Cuil was available in 8 languages: English, French, German, Italian, Polish, Portuguese, Spanish and Turkish, with more planned for the future.

==Criticism==
Cuil received widely critical press coverage. Concerns were expressed about the website's slow response times, irrelevant or wrong search results and in at least one case, irrelevant pornographic images displayed alongside search results. Danny Sullivan of Search Engine Watch questioned the validity of Cuil's claim that it had the world's largest search engine index and criticized it for focusing on size rather than relevance. However, despite reported problems with search results, Net Applications reported that for the last three days of July 2008, Cuil beat Google and Yahoo in the amount of time spent on a site after referral from a search engine.
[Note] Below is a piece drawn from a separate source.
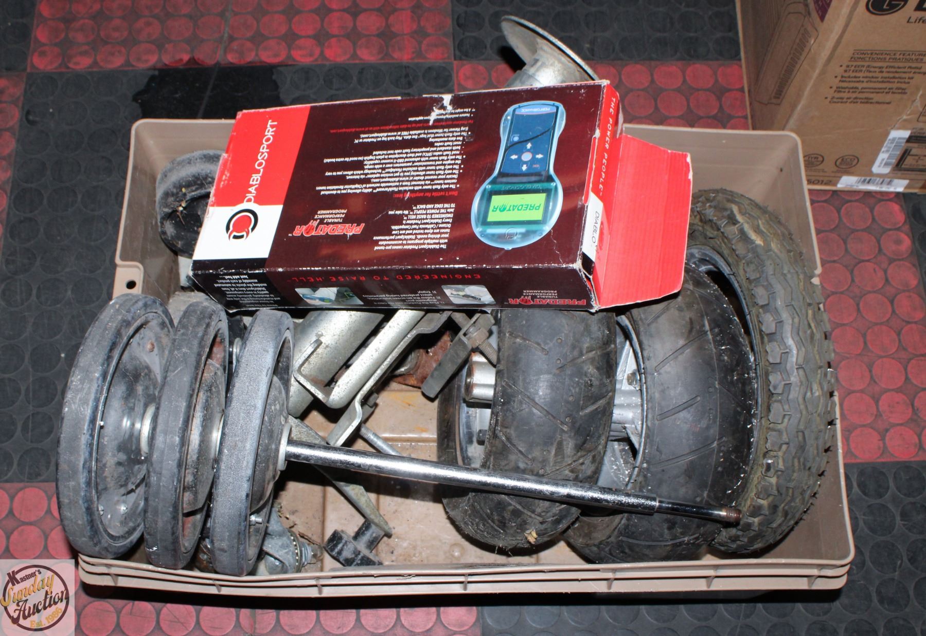 MISC CRATE INCLUDES TUNER, SCOOTER WHEELS, 3 SETS-

According to an interview with a Cuil representative, while other Web 2.0 launches using massively parallel processing might fail with a slow down or crash, Cuil's architecture was responding with incomplete, "less-than-relevant results that then appear at the top of users' pages." Cuil's VP of communications Vince Sollitto said the search engine was experiencing heavy first-day overloads and they were "busy putting out fires." Sollitto said Cuil "will only improve with time. It's day one. Traffic is massive. We're new. There are bugs to fix, results to improve."

After the initial critical press coverage, Cuil was alleged to have caused issues for some websites, owing to how the Cuil indexing robot polled certain sites (including under its pre-release name, Cuill). Many website owners reported that the Twiceler crawler repeatedly hit their site with randomly generated URLs in an attempt to find pages inaccessible by links. Others reported irrelevant images associated with their listing in Cuil's search results.